* PROBLEM:
The required output holds only the lines from the one containing "Mastering The Android" through the end of the material below, copied exactly, please, with no pictures.

* DATA TO EXAMINE:
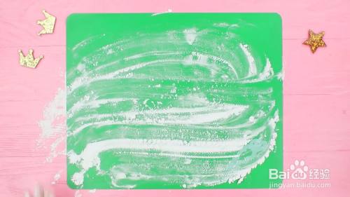 首先在一块板子上面撒上一些面粉
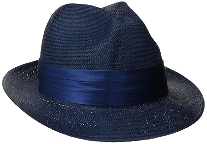 Its Main Features: This Stacy Adams hat is made of 100 % of Toyo Straw. This hat has the design of a fedora hat with a creased crown and a flat brim in the solid Navy color. The width of the brim is 2.25 inches. This hat features a ribbon hat band of the matching color and a feather attached to the hat band as well along with a twill sweatband and a thermal cord in the brim. The sizes of this hat include medium to xx-large.
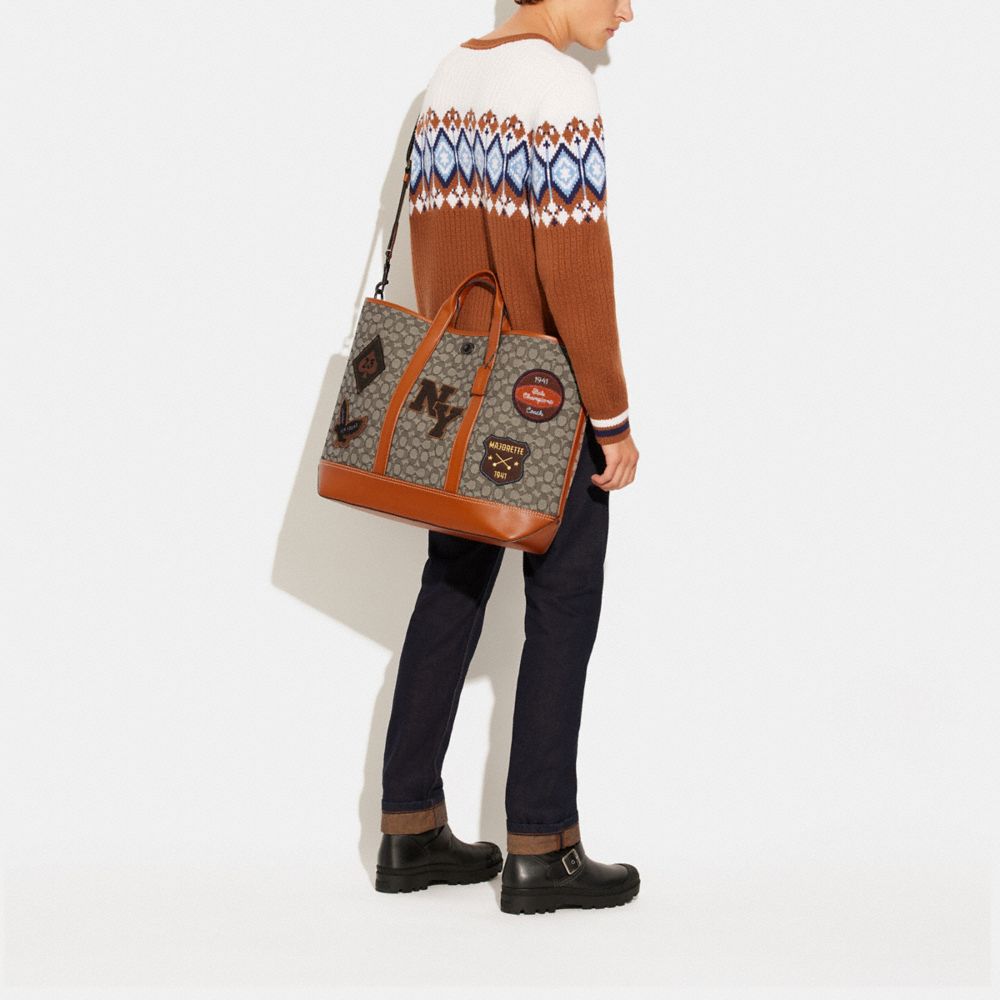 TOBY TURNLOCK TOTE IN SIGNATURE TEXTILE JACQUARD WITH VARSITY PATCHES (COACH CG206)
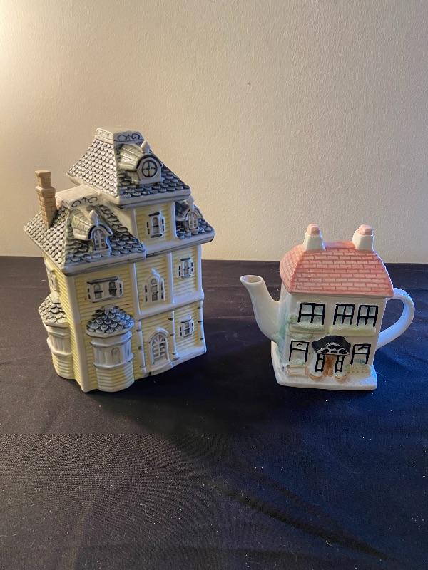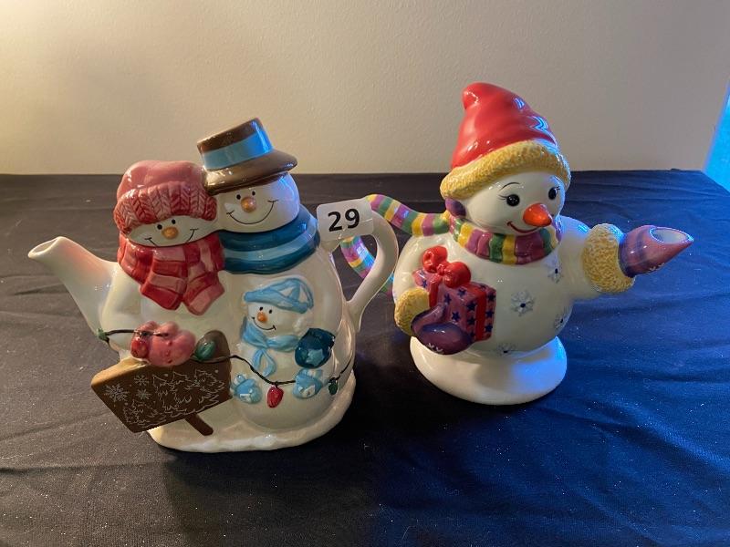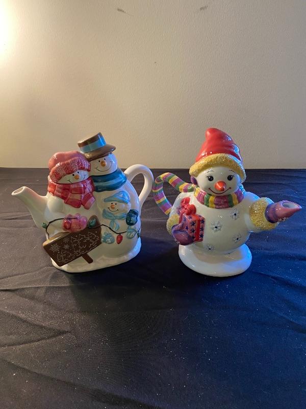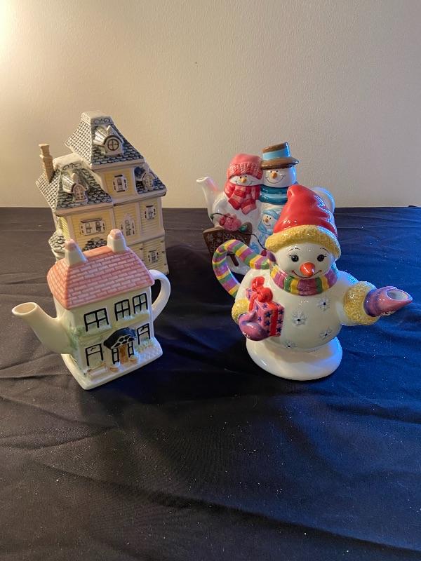 2 Snowman teapots, house cookie jar, and house teapot
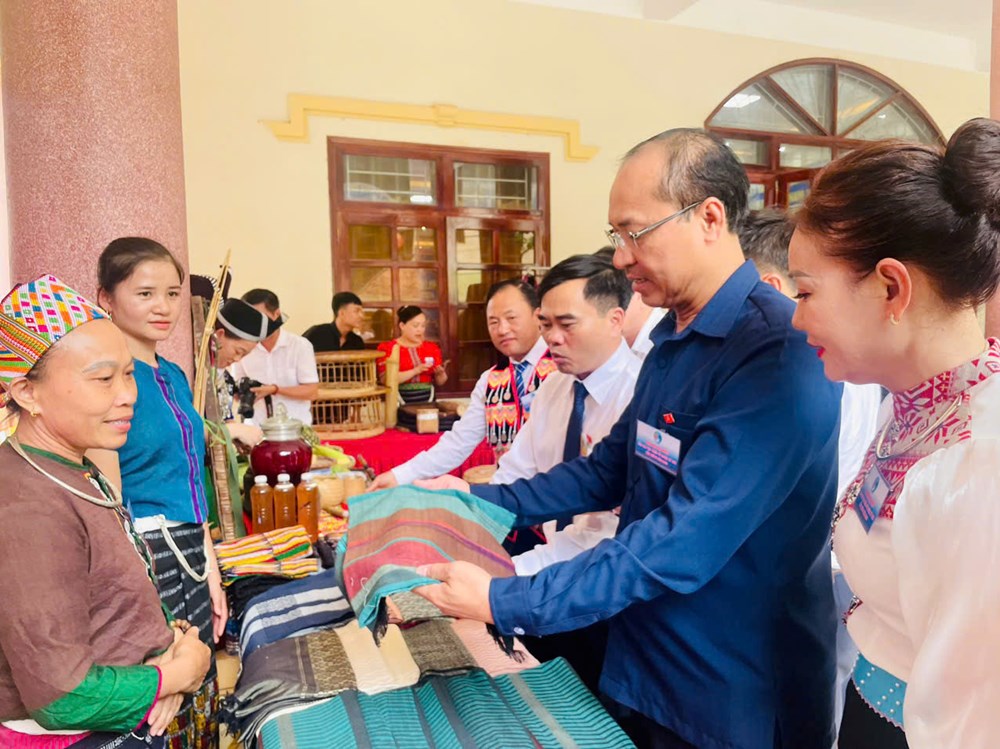 Lãnh đạo UBND huyện Kỳ Sơn trao đổi, xem sản phẩm hội viên dệt thổ cẩm bản Na, huyện Kỳ Sơn, Nghệ An
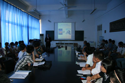 报告会分别在28、29日上午进行, Resagk博士介绍了他所在的德国伊尔梅瑙工业大学及其研究团队,针对专题分别讲述了洛伦兹力测速仪的基本原理及其实验操作模式,以及光学流体测量的相关内容和实际操作经验,并结合PPT动画演示了实验过程,对实验结果进行了分析,同时对相关研究方向的现状及发展前景做了说明。报告会上,与会师生与Resagk博士针对相关学科内容进行了亲切交流,现场发言踊跃、气氛热烈。
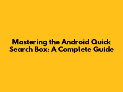 Mastering The Android Quick Search Box: A Complete Guide
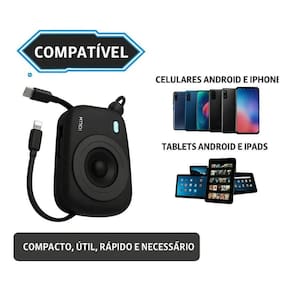 Power Bank compacto com design de minicâmera, capacidade de 10.000mAh, entrada Tipo-C, duas saídas (Lightning e Tipo-C), carregamento rápido de até 22.5W, material ABS + PC retardante de chamas, proteção de múltiplos circuitos, visor LED indicador e chip de reconhecimento de tensão inteligente. Possui carregamento por indução.Tipo

* EXPECTED ANSWER:
 Mastering The Android Quick Search Box: A Complete Guide
 Power Bank compacto com design de minicâmera, capacidade de 10.000mAh, entrada Tipo-C, duas saídas (Lightning e Tipo-C), carregamento rápido de até 22.5W, material ABS + PC retardante de chamas, proteção de múltiplos circuitos, visor LED indicador e chip de reconhecimento de tensão inteligente. Possui carregamento por indução.Tipo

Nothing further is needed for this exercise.